**Dataset entries:**
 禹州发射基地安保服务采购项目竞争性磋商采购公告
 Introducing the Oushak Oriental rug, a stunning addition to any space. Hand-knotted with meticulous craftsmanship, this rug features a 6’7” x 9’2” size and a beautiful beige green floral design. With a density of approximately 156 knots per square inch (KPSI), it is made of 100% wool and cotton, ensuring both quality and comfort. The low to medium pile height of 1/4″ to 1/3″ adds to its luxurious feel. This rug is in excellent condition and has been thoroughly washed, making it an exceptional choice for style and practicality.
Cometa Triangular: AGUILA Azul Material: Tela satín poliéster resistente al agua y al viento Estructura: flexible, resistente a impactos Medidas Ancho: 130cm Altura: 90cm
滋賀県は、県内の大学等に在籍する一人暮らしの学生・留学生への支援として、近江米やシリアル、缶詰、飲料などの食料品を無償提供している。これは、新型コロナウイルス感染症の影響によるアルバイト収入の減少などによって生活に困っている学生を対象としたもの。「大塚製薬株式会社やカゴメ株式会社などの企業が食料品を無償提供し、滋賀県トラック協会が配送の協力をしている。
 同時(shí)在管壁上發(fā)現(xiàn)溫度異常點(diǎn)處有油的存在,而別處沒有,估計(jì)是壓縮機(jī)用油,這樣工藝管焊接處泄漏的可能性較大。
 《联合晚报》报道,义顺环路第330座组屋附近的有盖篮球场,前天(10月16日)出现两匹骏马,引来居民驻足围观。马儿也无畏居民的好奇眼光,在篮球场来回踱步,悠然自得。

---

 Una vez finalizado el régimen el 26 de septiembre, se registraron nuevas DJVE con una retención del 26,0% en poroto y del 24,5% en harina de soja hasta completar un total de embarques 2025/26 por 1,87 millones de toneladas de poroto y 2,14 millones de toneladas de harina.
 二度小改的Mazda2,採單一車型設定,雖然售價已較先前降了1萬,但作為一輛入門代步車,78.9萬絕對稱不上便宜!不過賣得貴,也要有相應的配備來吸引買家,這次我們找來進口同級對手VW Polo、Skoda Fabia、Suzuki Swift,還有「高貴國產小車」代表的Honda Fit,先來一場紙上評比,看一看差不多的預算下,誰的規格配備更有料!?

...

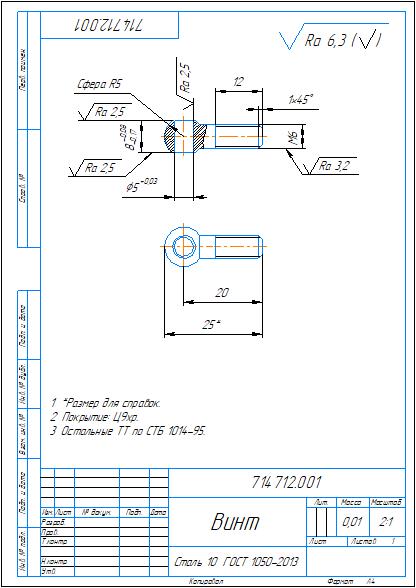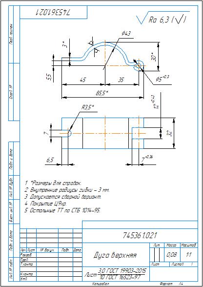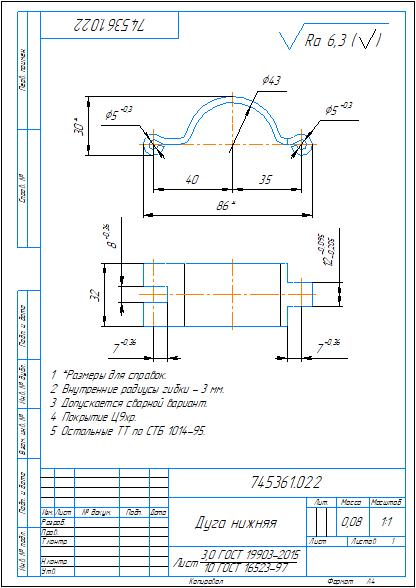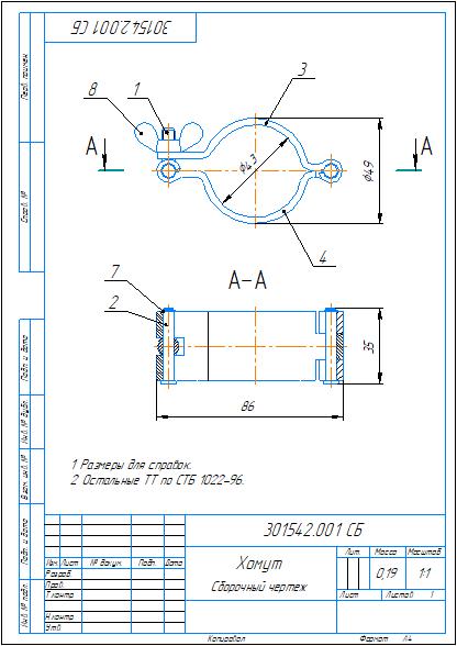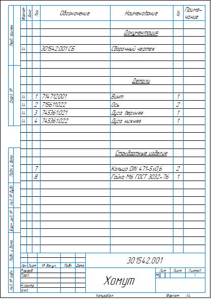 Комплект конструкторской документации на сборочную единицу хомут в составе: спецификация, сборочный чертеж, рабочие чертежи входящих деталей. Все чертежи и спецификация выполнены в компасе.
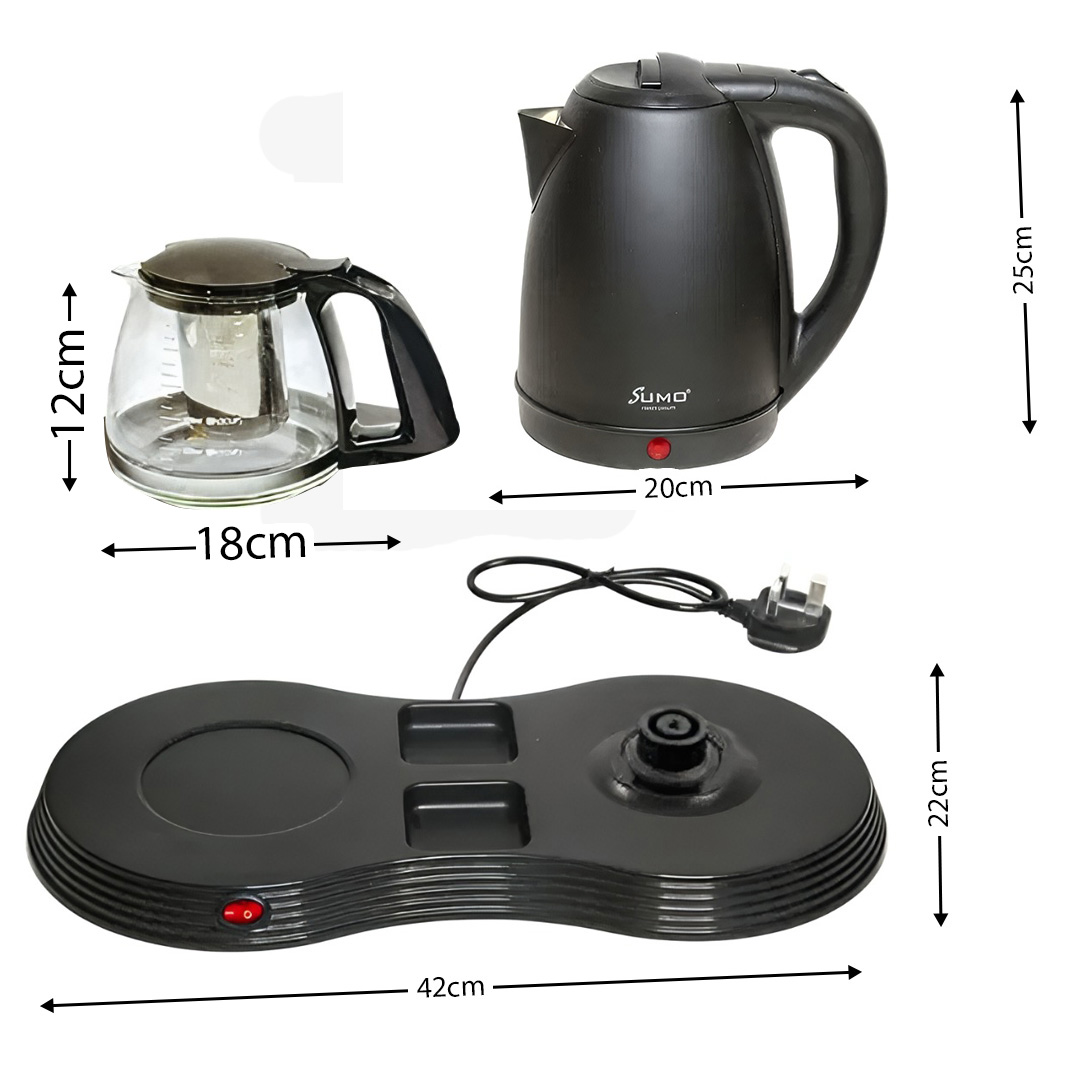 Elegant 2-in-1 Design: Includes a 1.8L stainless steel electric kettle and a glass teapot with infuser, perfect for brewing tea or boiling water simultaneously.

**Try it:** Output, from the data above, the lines from the line with "禹州发射基地安保服务采购项目竞争性磋商采购公告" to the line with "Cometa Triangular: AGUILA" exactly as they stand, both ends included and nothing else.

**Solved exercise:**
 禹州发射基地安保服务采购项目竞争性磋商采购公告
 Introducing the Oushak Oriental rug, a stunning addition to any space. Hand-knotted with meticulous craftsmanship, this rug features a 6’7” x 9’2” size and a beautiful beige green floral design. With a density of approximately 156 knots per square inch (KPSI), it is made of 100% wool and cotton, ensuring both quality and comfort. The low to medium pile height of 1/4″ to 1/3″ adds to its luxurious feel. This rug is in excellent condition and has been thoroughly washed, making it an exceptional choice for style and practicality.
Cometa Triangular: AGUILA Azul Material: Tela satín poliéster resistente al agua y al viento Estructura: flexible, resistente a impactos Medidas Ancho: 130cm Altura: 90cm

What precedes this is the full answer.